As a player in Caledonia, Hills’ journey in ringette would begin. Her team from Caledonia was one of the first ringette teams to play a tournament in Finland, where they came third. For a small-town ringette team like Caledonia, this was an opportunity and experience of a lifetime. Heather Hills said, "Playing Ringette in a small town like Caledonia there weren't many opportunities for winter sports, let alone winter sports for girls. So when the opportunity to play in Finland as a ringette team, who were not even considered at A-level, meant the world."

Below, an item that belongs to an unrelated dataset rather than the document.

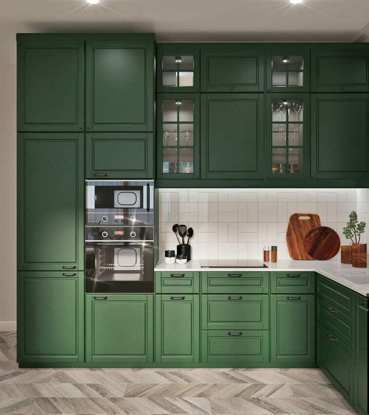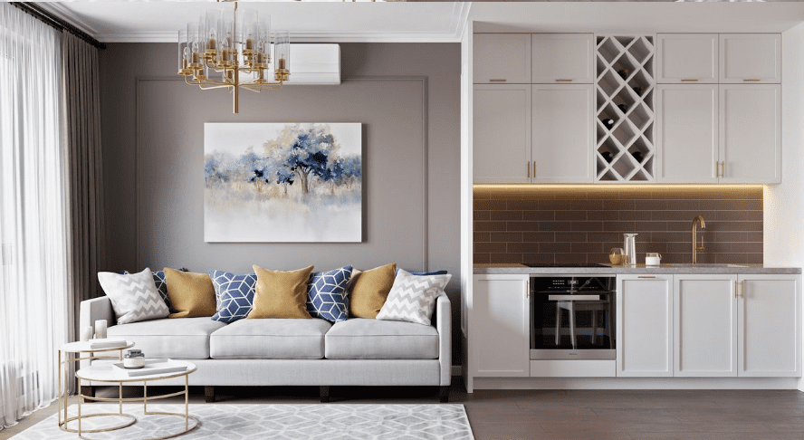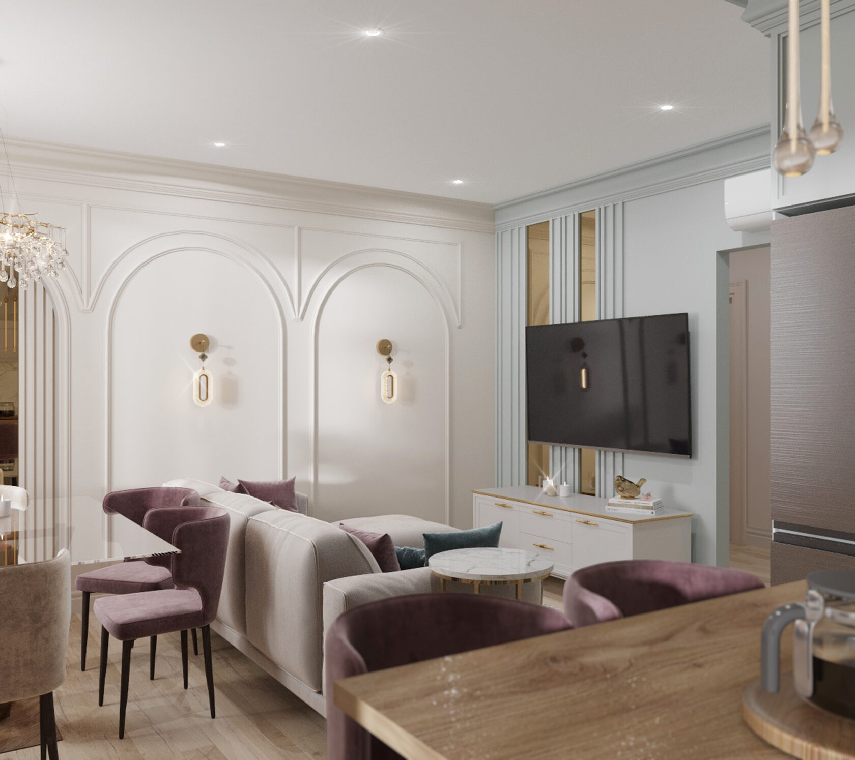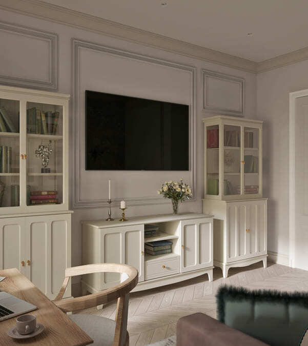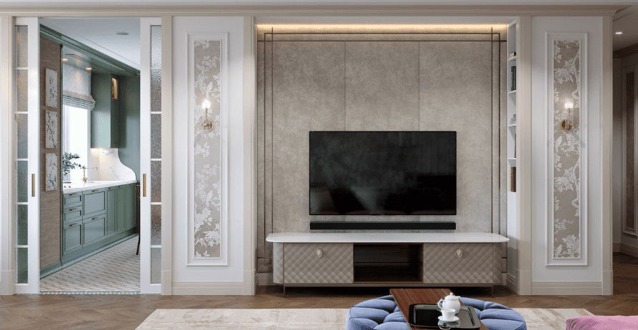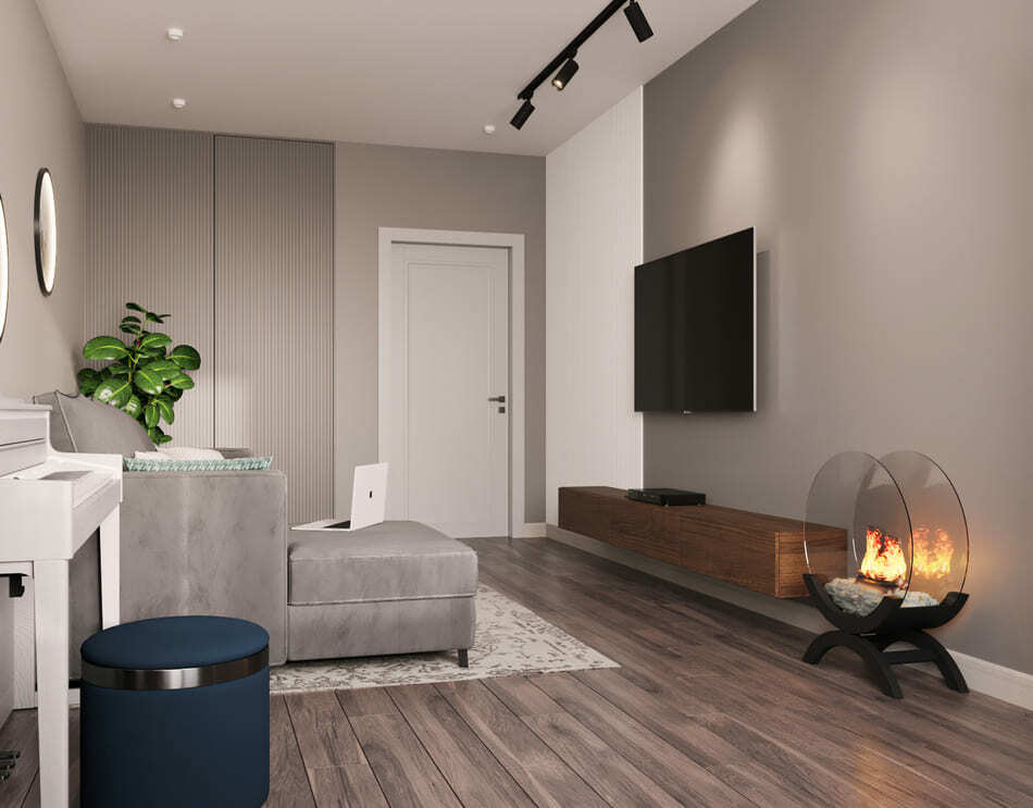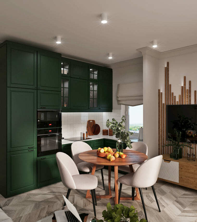 Кухня и гостиная объединены, при этом пожелание заказчика было таким, чтобы кухня была максимально красивой и маленькой. В гостиной части мы скрыли коммуникации деревянными панелями и идеально вписали камин.

We learned so much about ringette and Heather's journey throughout our conversation. She mentioned that while playing, they would play three different playing styles of ringette for one year. According to Hills, "One year, they were piloting it. Back then, they called extended zones (your ringette line) and no zone, where all five could go everywhere. So Monday nights we played 'No Zone,' Sundays were 'Extended Zone,' and Saturdays were regular league games with a blue line.” Could you imagine switching between three different styles of play today?
One's journey in ringette is different no matter who you talk to, but what seems to be a common factor is that everyone starts as a player. Hills said, "For me, ringette started as a player but now has transitioned into a ringette parent & coach.” No matter what sport you played or played growing up, you always have that thought in the back of your mind saying, 'If I have kids, they are going to play too.’ So, for Hills, her way back into the sport was through her children - a parent's dream, right?
Her oldest daughter is turning 21 this year, and she started playing when she was three, turning four that year. And Hills said, "This is how I got back in. Right from that year, I got on the ice as a coach, joined the executive board in Caledonia and got back into playing as an adult in those years."
Ringette has this pull for people. When one leaves, they always seem to find a way back, and like mentioned above, because of Hills’ two daughters, she was able to get back into the game that she loved & still loves to this day. Although her daughter's youth ringette days are done, they are all still involved in the sport, with Hills coaching her daughter's Open-A tournament team.
Hills’ love extends farther than just hers or her daughter's ringette journey. The love she has shown comes through in a promise she made to the girls that she has coached over the years, and that is her promise to coach them in their adult ringette journeys. If that was not enough, Heather is even training the next generation of volunteers and executives within the Caledonia Ringette Association. Ringette has been a part of her life for many years.
Heather states, "I have played the sport; you name it, I have played the sport, and if you were to ask me, there is not another sport like it.” Her explanation of ringette is, "The sport is like chess; it's all about the strategy that no other sport gives me, and I just love it!"
We have now interviewed a handful of people whose stories are all so different yet have similarities. Although Heather’s story has something we have not heard from someone before, "I love the sport so much that I have passed on my love of the sport to my girls and EVEN MY HUSBAND!! As a joke, before we got married he was a rep hockey player, and he wanted five boys so we could have a full hockey line. He didn't get that, but he is now my best advocate for the sport. If I get asked to speak to someone about the sport, I tell them to talk to Jim, not me, because he is a full convert, coming from being a rep hockey player, wanting all boys to have girls who play ringette. He is the one that walks around now saying hockey is checkers and ringette is chess. Jim would say it should have done far better than hockey.” Even with both girls playing ringette & hockey, Heather and her husband, Jim, say, “It's not even a consideration to play ringette for them as a family.”
People may play a sport to play a sport, but while talking with Heather, it seemed like she played this game because she loved it. She mentioned that she knew ringette was for her right at the beginning. She said, "I knew it was for me since those beginning years of playing, well maybe not when I was learning to skate, but it was shortly after that. There are two situations where I REALLY knew it was for me; when I played baseball in the summer, and if I missed a game or practice, I was okay, but when it came to ringette, I could not miss anything. And the second situation would be when I re-found the sport while coaching. I loved it more than when I played as a kid."
It seems you give back to something you love so much, and that is when you know it's for you!
To finish it off, we asked Heather, "What is your WHY?"
Heather said, "I would say a couple of things: as a coach, it's the strategy; as a parent & player, it is friendship & community for life."